Last person in was a big guy, six foot four and muscular, but with a substantial belly under his tailored suit and expensive tie. He looked like a college athlete gone to seed. He was somewhere in his late 40’s or early 50’s, rugged with thinning blond hair, a hawkish nose, and a big, booming voice – which he used the second he walked in.

“This is a waste of time, Scott,” he snapped as he walked in the door. “I’ve got five SOZ’s ready to go, I’ve got another client call lined up for – ”

“Bryce,” Scott interrupted, “we’re going to listen to this presentation, especially since the research came from our own ranks.”

Bryce glanced at me as he sat down, but then looked right back at Scott. “Great, another fucking consultant. Why don’t you just pay me the money instead, and I’ll tell you the same thing I’ve been telling you for months: fire all the lazy bums sitting on their asses, put the fear of Bryce into the rest of them, and then maybe we’d get some goddamn work done around here.”

Three fourths of the table either rolled their eyes or glowered.
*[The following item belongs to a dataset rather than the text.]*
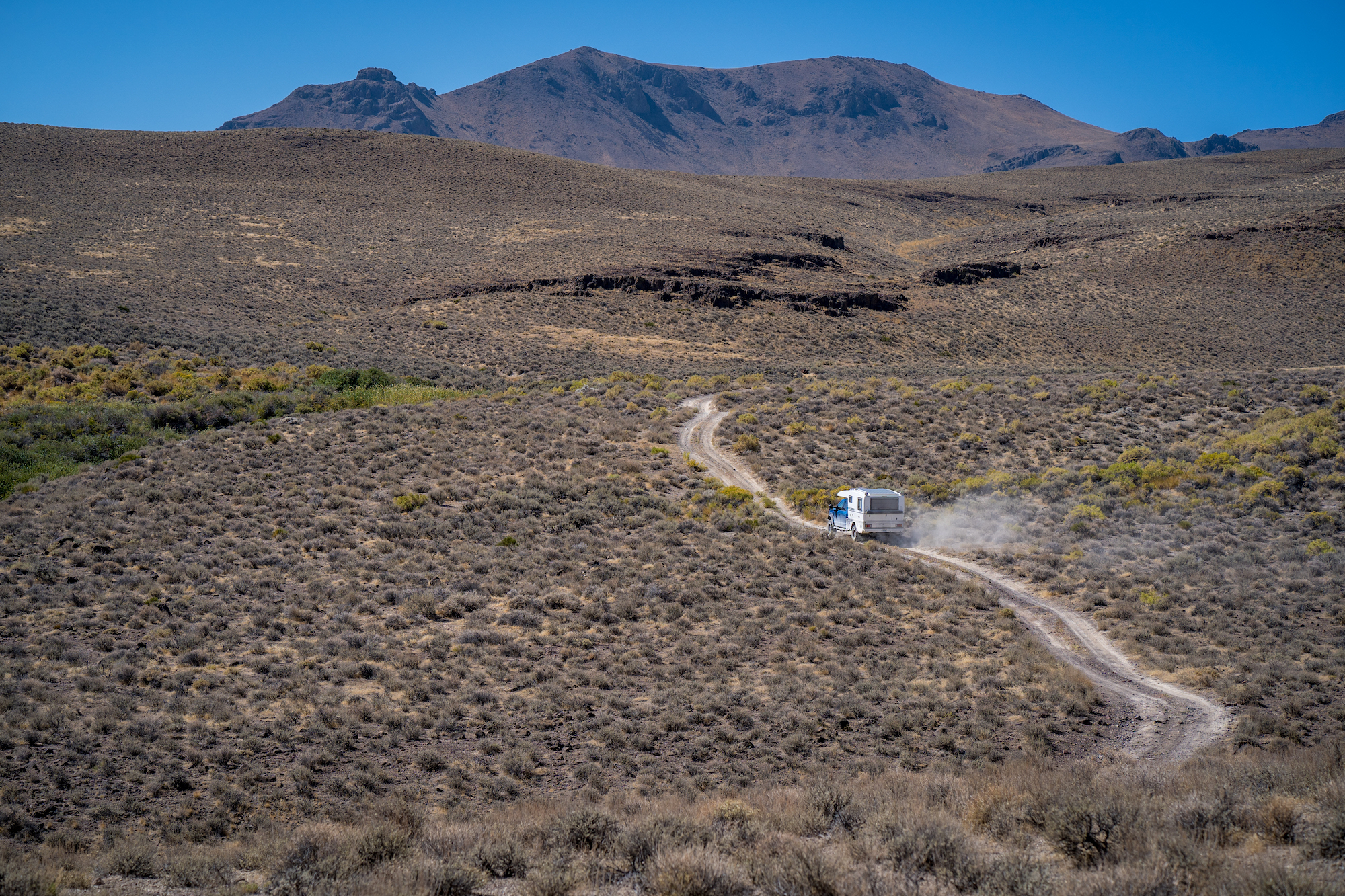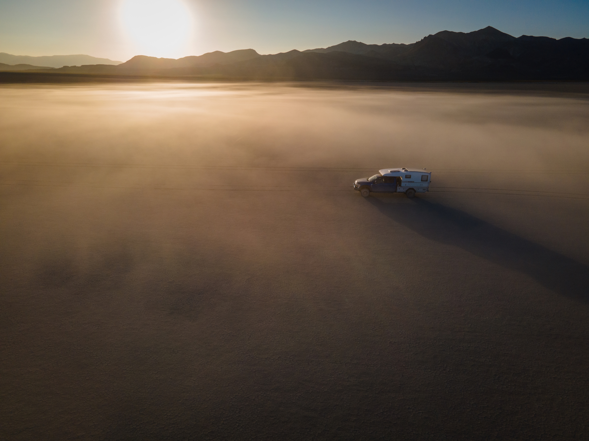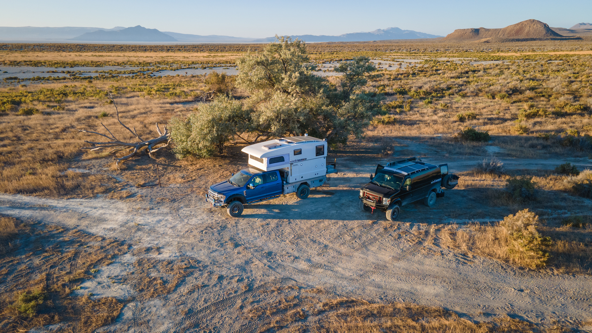 Completing our track over the mountain gave a memorable tour of the higher-elevation terrain, a stark contrast to the playa below. But the playa was calling, with one of our goals being to make camp on the massive dry lake bed. We drove out onto the hardened crust and set our own version of an overland camper land speed record (we don’t speed and tell). The truck was filled with laughter as the plume of dust filled the mirrors, and we closed in on our chosen spot for the night.

“Maybe that will be in the presentation,” Scott said with a thin smile, then turned to the rest of the people present. “Ladies and gentlemen, this is Lily Ross of Ross and Associates Consulting. Many of you have already met her over the course of the last week and a half. She’s conducted interviews with our staff during that time, and is here to present some solutions and insights she’s gained from our own ranks.”

“Good luck with
that,
” Bryce snorted, then peered at me closely for the first time. He frowned. “Hey… you look familiar.”

Shit.

Here it comes.

“A lot of people say that,” I said with a smile, then walked over to the laptop. “As Mr. Shaw said – ”

“Aren’t you that chick that banged that billionaire guy in the alleyway?” Bryce asked, obviously relishing the moment.